-- Directions --
Leave out the pictures, and retype the remaining data exactly.

-- Material provided follows --

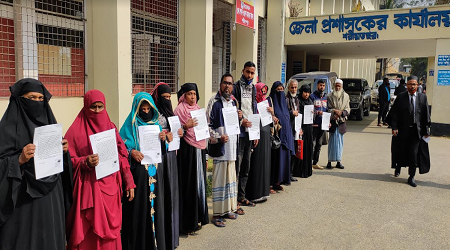 মামলার বাদী সাহিদা বেগম মানববন্ধন স্থলে কান্নায় ভেঙ্গে পড়েন। সেখানে তিনি বলেন, মামলার তদন্ত কর্মকর্তা আমার কাছ থেকে টিপসই নেয়। তারা নাকি আমার মামলা তদন্ত করবে না। অপর দিকে মামলার আসামী সুমন খন্দকার মামলা তুলে নিতে চাপ সৃষ্টি করতেছে। আমি অসহায় হয়ে পড়েছি। গরীব বলে কি ন্যায় বিচার পাওয়ার অধিকার আমাদের নাই। আজ মানববন্ধন শেষে ন্যায় বিচার পাওয়ার জন্য জেলা প্রশাসক বরাবর আবেদন করেছি।
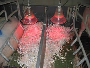 | 1. un bon isolement du sol de la case de mise-bas. 2. une ou plusieurs sources de chaleur focalisées sur les porcelets. |
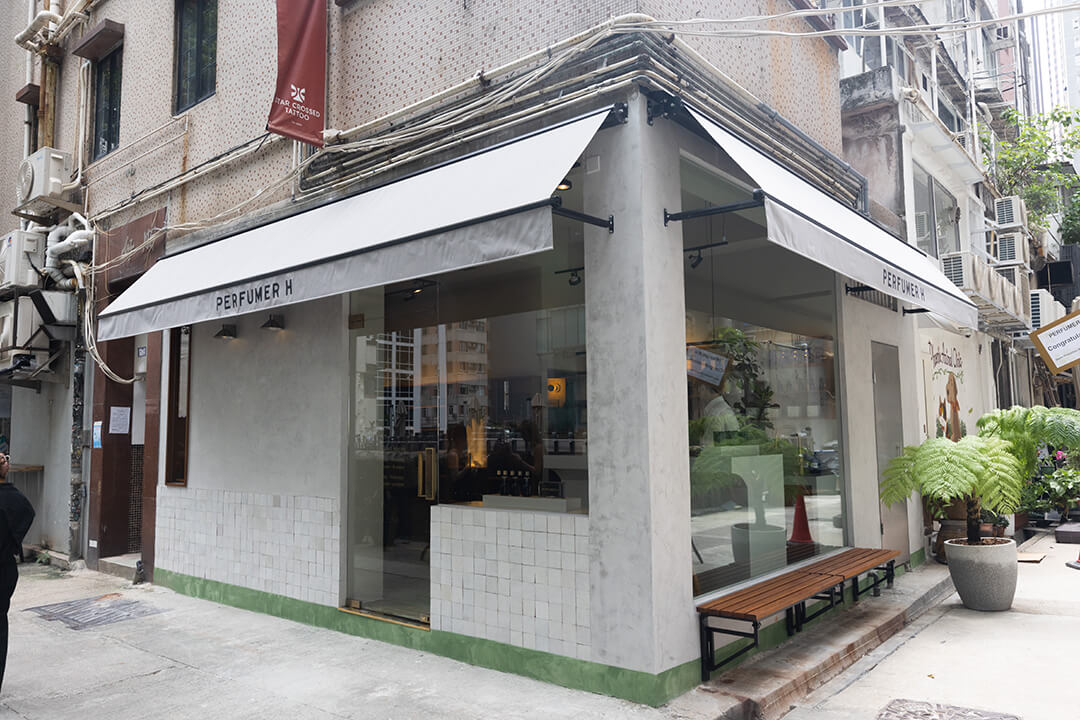 月前首間 PERFUMER H 進駐灣仔日街,店面被大量本地植物和樹木包圍,而店內更有品牌創辦人 LYN HARRIS 挑選的 HENRY WILSON 黃銅壁燈及葉綠色地板,呼應閒靜品香的環境。

-- Material provided concluded --

-- Response to the exercise --
 মামলার বাদী সাহিদা বেগম মানববন্ধন স্থলে কান্নায় ভেঙ্গে পড়েন। সেখানে তিনি বলেন, মামলার তদন্ত কর্মকর্তা আমার কাছ থেকে টিপসই নেয়। তারা নাকি আমার মামলা তদন্ত করবে না। অপর দিকে মামলার আসামী সুমন খন্দকার মামলা তুলে নিতে চাপ সৃষ্টি করতেছে। আমি অসহায় হয়ে পড়েছি। গরীব বলে কি ন্যায় বিচার পাওয়ার অধিকার আমাদের নাই। আজ মানববন্ধন শেষে ন্যায় বিচার পাওয়ার জন্য জেলা প্রশাসক বরাবর আবেদন করেছি।
 | 1. un bon isolement du sol de la case de mise-bas. 2. une ou plusieurs sources de chaleur focalisées sur les porcelets. |
 月前首間 PERFUMER H 進駐灣仔日街,店面被大量本地植物和樹木包圍,而店內更有品牌創辦人 LYN HARRIS 挑選的 HENRY WILSON 黃銅壁燈及葉綠色地板,呼應閒靜品香的環境。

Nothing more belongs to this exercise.